-------- DATA
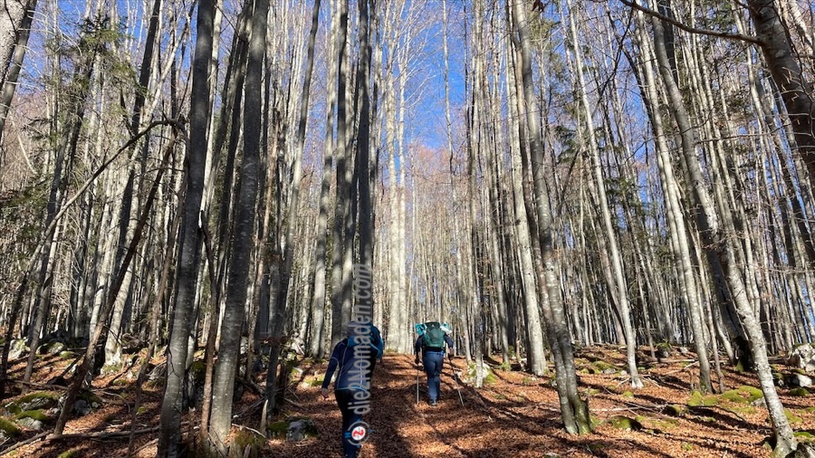 Schließlich kommen wir auf eine Lichtung, wo wir ein Stück vom ursprünglichen Weg abweichen und hinunter zur heutigen Attraktion absteigen – dem Stoderer Weitblick.
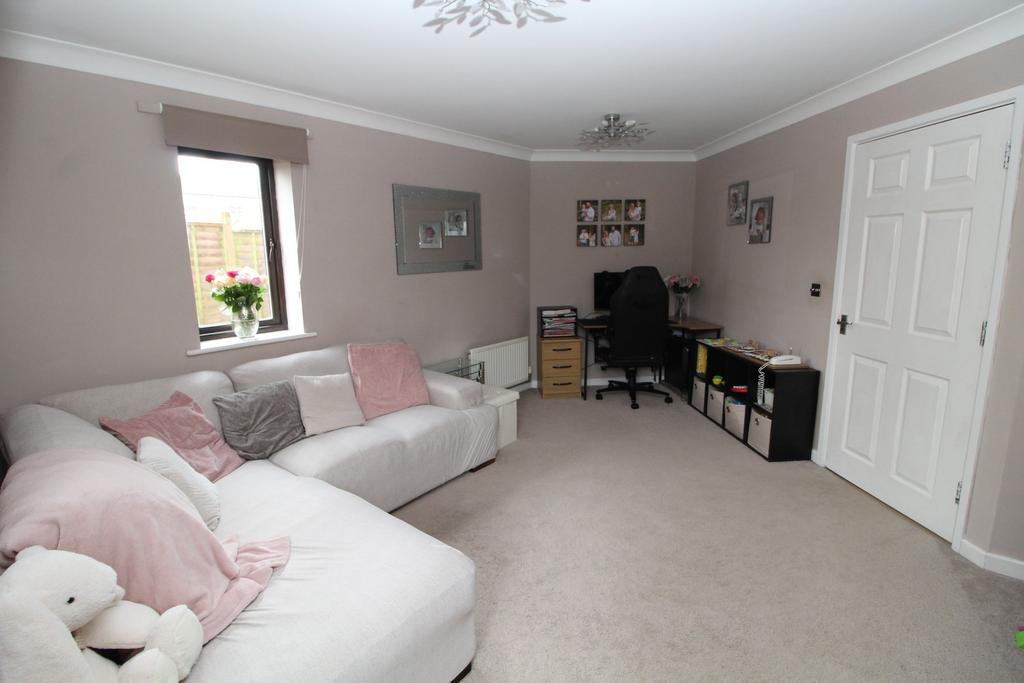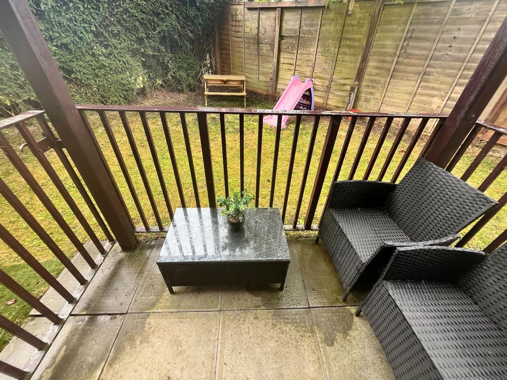 Of irregular shape, radiator, television point, window to side, door leading to patio area, which in turn has access to a communal garden area.
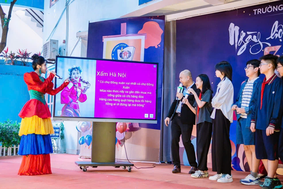 Nghệ sĩ tham gia một hoạt động giới thiệu về hát xẩm tại một trường học tại Hà Nội
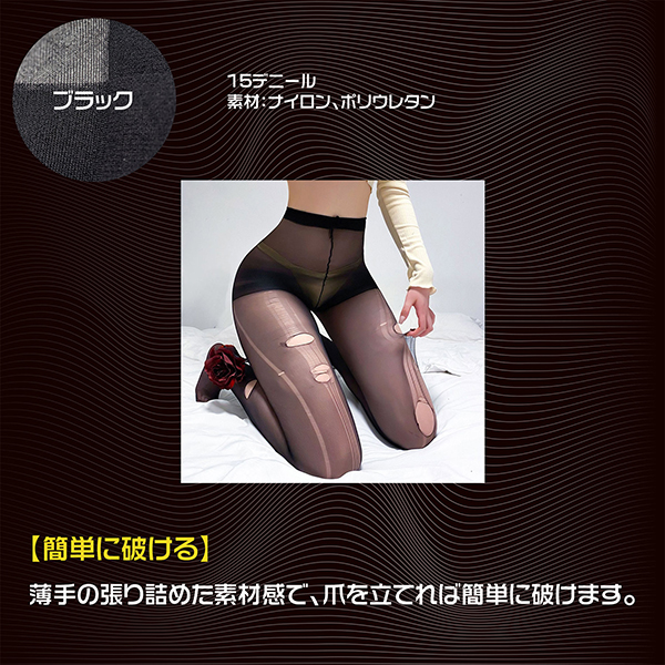 15デニールの破りやすいストッキング、プレイ専用の為、気兼ねなく願望を満たしてください。
----------------
Write out the data above in full and exactly, but not the pictures.

# RESULT:
 Schließlich kommen wir auf eine Lichtung, wo wir ein Stück vom ursprünglichen Weg abweichen und hinunter zur heutigen Attraktion absteigen – dem Stoderer Weitblick.
 Of irregular shape, radiator, television point, window to side, door leading to patio area, which in turn has access to a communal garden area.
 Nghệ sĩ tham gia một hoạt động giới thiệu về hát xẩm tại một trường học tại Hà Nội
 15デニールの破りやすいストッキング、プレイ専用の為、気兼ねなく願望を満たしてください。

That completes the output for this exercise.